Since international debt crisis effects all economical and political balances of countries, in this study, countries’ rescheduling and non-rescheduling of their international debts for 2001 data for 96 countries after Asian economic crisis of 1998 are taken into account. The effects of that crisis have occurred a few years later. So, the data related with 96 countries’ rescheduling and non-rescheduling of the international debts for 2001 are used.

The data are taken from The World Bank Group web site and The World Bank e-library. The decision of which country is in rescheduled class is given by observing the tables of Stand-By Arrangements published in the Journals of IMF Survey over 1997–2001. Hence, if a country made Stand-By Arrangement by IMF, then it is chosen as a country reschedules its debt and the value of related dependent variable is 1, else that country is non-reschedule and the value of related dependent variable is 0.

The factors that affect the rescheduling and non-rescheduling of the international debts defined as follows and those factors are taken as independent variables for logistic and probit regression, and inputs for ANN:

  • X 1 : Average increase in GDP growth (annual %) over 1960–2001

  • X 2 : The ratio of short term debt (%GDP) to export of goods and services (%GDP)

  • X 3 : Debt service ratio, the interest on total external debt plus amortization on long-term debt as a percentage of the exports of goods and services in 2001

  • X 4 : The import of cover and equals international reserves divided by total imports in 2001 (US $ million)

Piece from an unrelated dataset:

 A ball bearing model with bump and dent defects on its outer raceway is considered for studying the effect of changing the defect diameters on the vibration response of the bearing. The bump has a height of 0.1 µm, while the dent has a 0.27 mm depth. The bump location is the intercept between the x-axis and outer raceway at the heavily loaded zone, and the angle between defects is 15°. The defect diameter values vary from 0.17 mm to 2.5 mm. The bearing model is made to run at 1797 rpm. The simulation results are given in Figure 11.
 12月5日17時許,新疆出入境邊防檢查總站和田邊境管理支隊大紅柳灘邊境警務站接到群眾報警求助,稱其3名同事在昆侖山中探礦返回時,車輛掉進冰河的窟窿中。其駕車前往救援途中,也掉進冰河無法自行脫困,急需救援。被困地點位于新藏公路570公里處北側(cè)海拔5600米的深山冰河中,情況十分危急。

  • X 5 : The ratio of export of goods and services (%GDP) to import of goods and services (%GDP).

The number of input variables is five for MLP model since all those variables are taken as input variables. The output variable can either be 1 for rescheduled debts if probability is equal or greater than 0.5 or 0 for non-rescheduled debts if probability is less than 0.5. So in output layer of the network, there is only one neuron.

5 Estimation of the results and comparison of different methods

In this study, first the architectures with two hidden layers are used and since they do not have much contribution, they are not involved. It is seen that MLP with one hidden layer gives high CCR. So MLP for 5:p:1 is taken into account. The undefined parameter here is the number of units in the hidden layer. Since the initial weights and biases are random for any network and algorithm taking different values of p between 1 and 15, 33 experiments are made and as a result of that, the networks for p ranging between 6 and 10 are preferred. The CCR for different training algorithms for these networks are given in Table 1.

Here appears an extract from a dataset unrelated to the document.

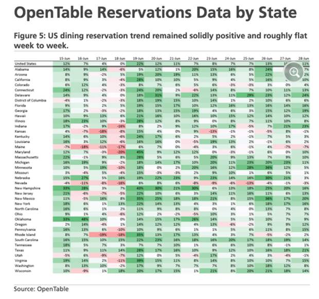 Restaurant reservation platform OpenTable shows postive trends across the industry on a state-by-state basis. This is a proxy for real-time restaurant traffic trends.

Table 1 Correct classification ratio for neural networks and for statistical methods

According to Table 1, the best CCR are obtained by BFGS and OSS algorithms (97.92). The CCR for logit (85.42) and probit (86.46) are quite lower than the NN results.

Even if the results of training of the neural network for the whole data set are good, the results of extrapolation may be bad for the whole data. In this case the network becomes memorizer and even the small changes in data can cause big mistakes. To avoid this drawback, the data are divided into three parts for training, validation and test. At the stage of training, the neural network (adjusting the weights) only training data are used but with the help of validation data, the performance of the network is checked at each epoch. Training automatically stops when the total error square starts to increase for validation data and in this case the parameters of neural network are obtained. At this stage, test data are taken as extraneous data. The network with minimum total square error for each of training, validation and test data is accepted the one that gives the best performance.

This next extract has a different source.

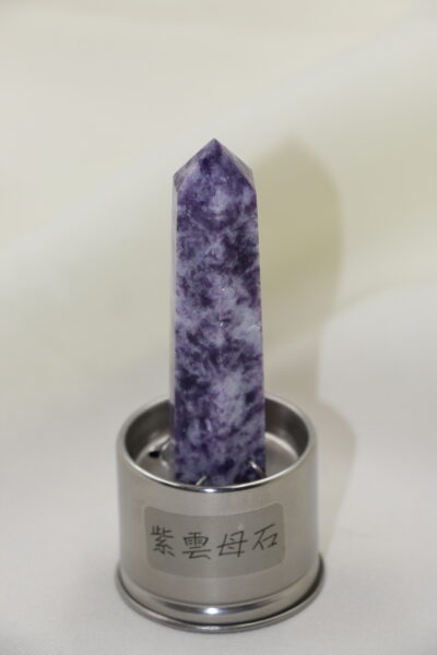 選用天然紫雲母能量柱,晶體呈現細緻紫色光澤,

For the problem in question, the data set, obtained from World bank’s data bank, with 96 countries is divided to 3 parts; 48 units for training, 24 units for validation and 24 units for test. Experiments are made by applying different algorithms for MLPs with one and two hidden layers. The models that give better performance and are suitable for each algorithm are chosen by changing the number of units in hidden layer. Thirty-three experiments are made for each of architecture. CCR is taken as choice criteria. As a result, the chosen models with one hidden layer are shown in Table 2 and with two hidden layers are shown in Table 3. The values in parenthesis indicate the CCR of the test data.

Table 2 Correct classification ratio of neural network algorithms with one hidden layer
Table 3 Correct classification ratio of neural network algorithms with two hidden layer

As results of experiments for training data set CCR is calculated as 88.54 and for test data 79.17. That means RP algorithm gives the best performance. The architectures which give that result for RP algorithm are (the number of neurons in first and second hidden layers are shown, respectively) as follows: 3:4, 4:3, 4:5, 4:6, 4:8, 4:9, 5:1–5:3, 5:5–5:8, 5:11, 6:1, 6:3–6:5, 6:7, 6:9, 6:11, 7:1–7:9, 8:1–8:6, 8:8–9:5, 9:8, 9:9, 9:11–10:6, 10:8–11:4, 11:7, 11:9. Examining the results, the second best performance is obtained by SCG algorithm.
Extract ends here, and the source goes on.